Outre l'accélération de la croissance, la banque suisse souligne, elle aussi, la faible valorisation du groupe ainsi que l'amélioration de son profil du risque. Sur ce dernier point, elle note que L'Oréal a récemment réduit sa dépendance à la croissance des parfums (24% de la croissance globale du groupe au second semestre contre 44% au premier) et aux pays émergents (27% contre 55%).

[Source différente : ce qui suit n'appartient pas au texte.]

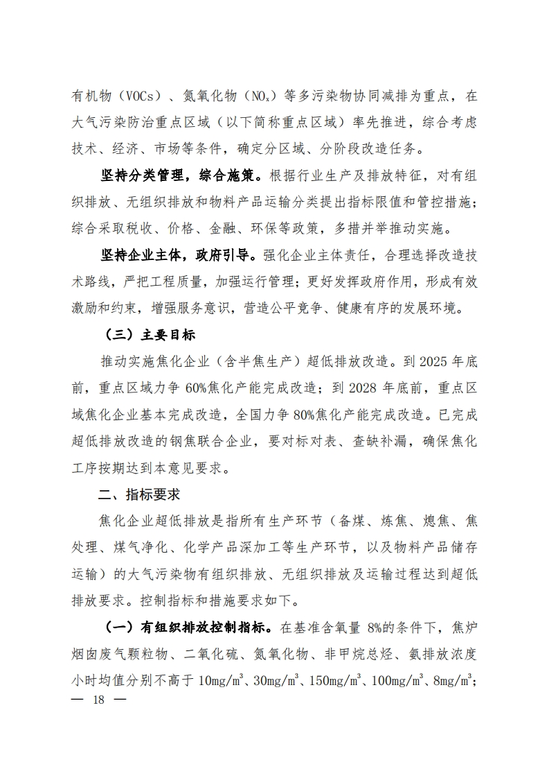 关于推进实施焦化行业超低排放的意见推进实施焦化行业超低排放是推动行业绿色低碳高质量发展、助力深入打好蓝天保卫战的重要举措。为贯彻落实《中共中央国务院关于深入打好污染防治攻坚战的意见》《中共中央国务院关于全面推进美丽中国建设的意见》《国务院关于印发〈空气质量持续改善行动计划〉的通知》等有关要求,加强对各地工作指导,高质量推进焦化行业超低排放改造,提出以下意见。一、总体要求(一)指导思想以习近平新时代中国特色社会主义思想为指导,深入贯彻党的二十大精神,全面落实习近平生态文明思想和全国生态环境保护大会精神,坚持精准、科学、依法治污,更多运用市场化、法治化手段,更好发挥政府作用,推进实施焦化行业超低排放,提升焦化行业全工序、全流程大气污染治理水平,推动行业绿色低碳转型升级,促进空气质量持续改善,为深入打好污染防治攻坚战提供有力支撑。(二)基本原则坚持系统提升,协同增效。统筹推进焦化行业超低排放改造和行业碳减排行动,优化调整产业、用能、运输结构,坚持源头防控、过程管控、末端治理系统提升,实现减污降碳协同增效。坚持突出重点,分步推进。以改善空气质量为核心,以挥发性-17

Dans la même veine, L'Oréal a certes décidé de porter sa participation à 20% (contre 10% auparavant) dans le spécialiste des soins dermatologiques Galderma, en décembre dernier. Mais la société a prévenu qu'elle ne comptait pas l'accroître davantage, ce qui permet d'écarter une crainte du marché (un rachat à 100% de Galderma).

Des atouts pour élargir ces marchés

Barclays est le dernier établissement à être passé à l'achat sur le titre, ou plus exactement à "surpondérer" (l'équivalent dans sa terminologie), le 22 janvier dernier.

Comme ses consœurs, la banque britannique voit le marché de la beauté accélérer cette année, pour atteindre entre 4% et 4,5% après 3%-3,5% en 2025.

"Les premiers signes de reprise en Amérique du Nord et en Asie du Nord laissent présager un environnement de marché plus favorable pour les catégories clés de L'Oréal", écrit la banque britannique.

Barclays se dit par ailleurs "impressionnée" par le "stimulus beauté" de L'Oréal ,qui devrait être encore plus fort en 2026 qu'il n'a été au second semestre 2025.

"De plus, nous pensons que le groupe a posé les bases nécessaires pour relancer sa croissance à partir de 2026, grâce à ses récentes acquisitions dans des segments à forte croissance – Color Wow (un groupe de soins des cheveux) et Kering Beauté (la division parfums de Kering) – qui devraient commencer à apporter une contribution significative dès le début et le milieu de l'année 2026, respectivement", ajoute l'établissement d'outre-Manche.

Barclays souligne le bilan enviable de la société en matière d'acquisitions, avec par exemple Yves Saint Laurent Beauté dont les ventes sont passées de 300 millions d'euros environ lors de son acquisition par L'Oréal, en 2008, à 3 milliards d'euros en 2024. Ou encore CeraVe, spécialiste de soins de la peau, dont les revenus ont été multiplié par près de huit en sept ans (1 milliard d'euros en 2024 contre 140 millions en 2017).

Au sujet de Kering Beauté, dont la finalisation doit avoir lieu cette année, Barclays reconnaît toutefois que L'Oréal devra s'atteler à dégager une croissance forte pour justifier un prix d'acquisition relativement élevé, à 11 fois les ventes attendues.

Barclays met également en avant la capacité de la société à conquérir des "espaces blancs", c'est-à-dire des besoins de sa clientèle non adressés. L'Oréal estime avoir couramment environ 1,3 milliard de clients et pense que son potentiel se situe à 4,2 milliards de clients. Forte de constat, la société compte conquérir 2 milliards de clients additionnels au cours de la prochaine décennie.

Les gisements de croissance identifiés sont les hommes, la "silver économie" (les personnes âgées) ainsi que les générations Z et Alpha (respectivement nées entre 1997 en 2012 et entre 2010 et 2024).

À noter, pour finir, que Deutsche Bank, un "bear" (un analyste qui recommande de vendre le titre) notable sur L'Oréal, a relevé son conseil sur l'action, le 12 janvier dernier, passant de "vendre" à "conserver".

La banque allemande estime qu'il existe des raisons d'être "positif" sur la croissance au premier semestre et note que la société a connu une fin d'année 2025 en trombe aux États-Unis. Toutefois, elle juge que le premier trimestre 2026 sera moins brillant que le dernier de l'an passé et considère que la Chine constituera davantage un risque qu'une source "d'upside" (potentiel de hausse) pour l'action.